Home is where heart is, si dice in Inghilterra. Il cuore di Litmanen è a metà fra Amsterdam, e la Finlandia, la patria che lo ha svezzato, e che ancora oggi lo adora come una delle 50 personalità più importanti della storia del paese.

La sua carriera, fondamentalmente, dopo il primo periodo in Olanda non ha mai vissuto di grandi acuti. E’ tornato per altre due stagioni in Eredivisie, per poi peregrinare fra Bundesliga, e di nuovo Premier League, ma alla fine ha deciso di dare il suo contributo al povero calcio di casa.
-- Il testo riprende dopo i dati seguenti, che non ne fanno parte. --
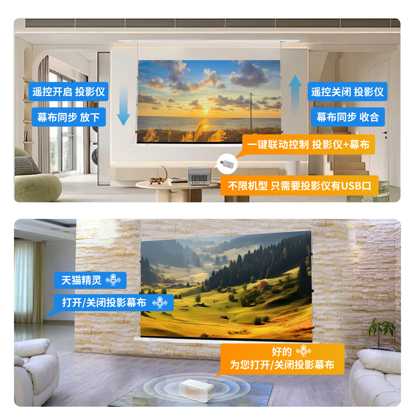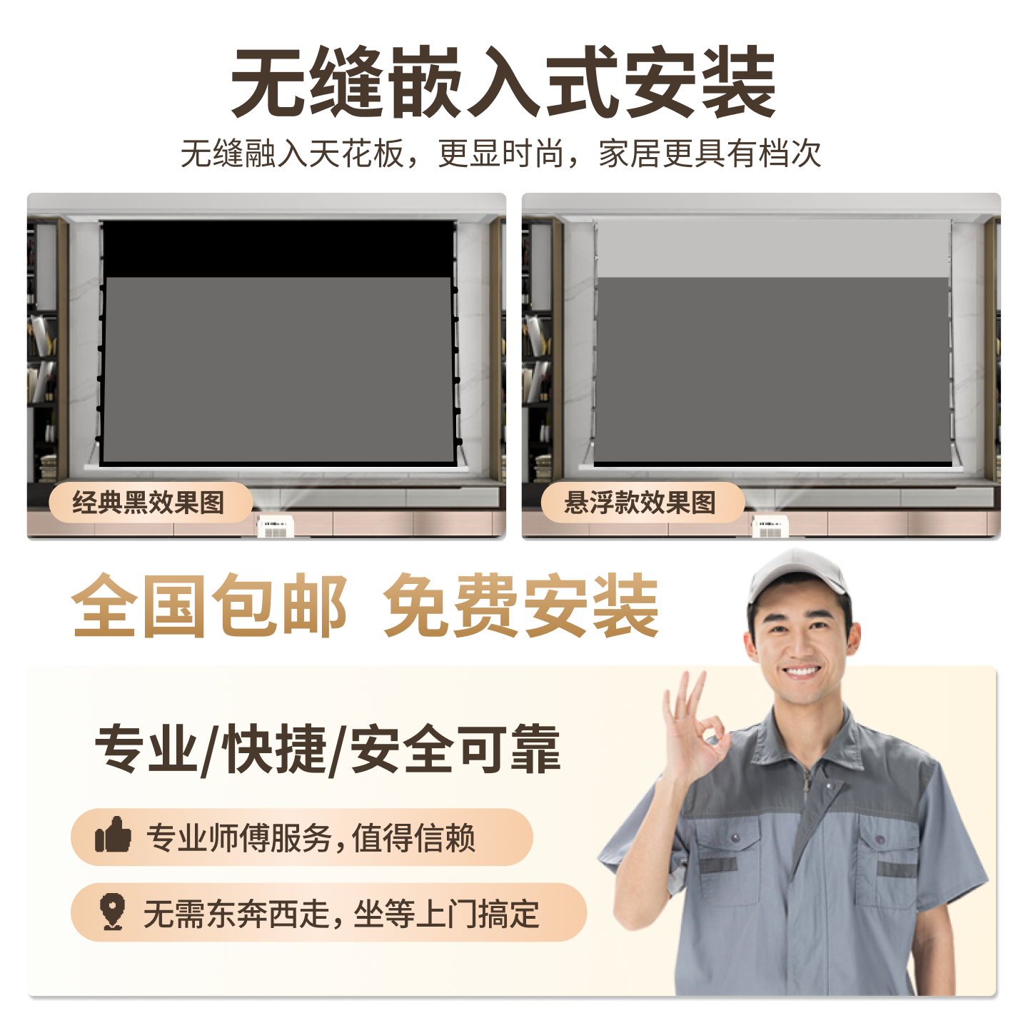 博视银屏天花全隐藏投影幕布嵌入式电动悬浮幕智能联动支持小爱同学100寸120寸拉线菲涅尔抗光幕

Un amore per la patria, che ha 40 anni lo ha portato a tornare a giocare per l’HJK Helsinki, e vincere l’ultimo trofeo che mancava nella sua bacheca, la Veikkausliiga, che ha sostituito dal 1990 la Mestaruussarja.

Ancora oggi ci si chiede come sarebbe andata la sua carriera, se non avesse avuto quel passaporto. E’ anche arrivato terzo in classifica per la corsa al Pallone d’Oro nel 1995, ma in pochi ricordano oggi le sue gesta, al di là della bacheca. Le sue giocate sopraffine, il suo modo di essere sempre decisivo in campo.

In molti si chiedono dove sarebbe arrivato se avesse giocato di più al Barcellona, o se avesse vinto una Premier con il Liverpool, in molti, ma non lui, che in fondo è arrivato dove voleva arrivare. A vincere tutto, per poi tornare a casa, fra i ghiacci della sua Finlandia, a trionfare per l’ultima volta, con la maglia che ha amato di più.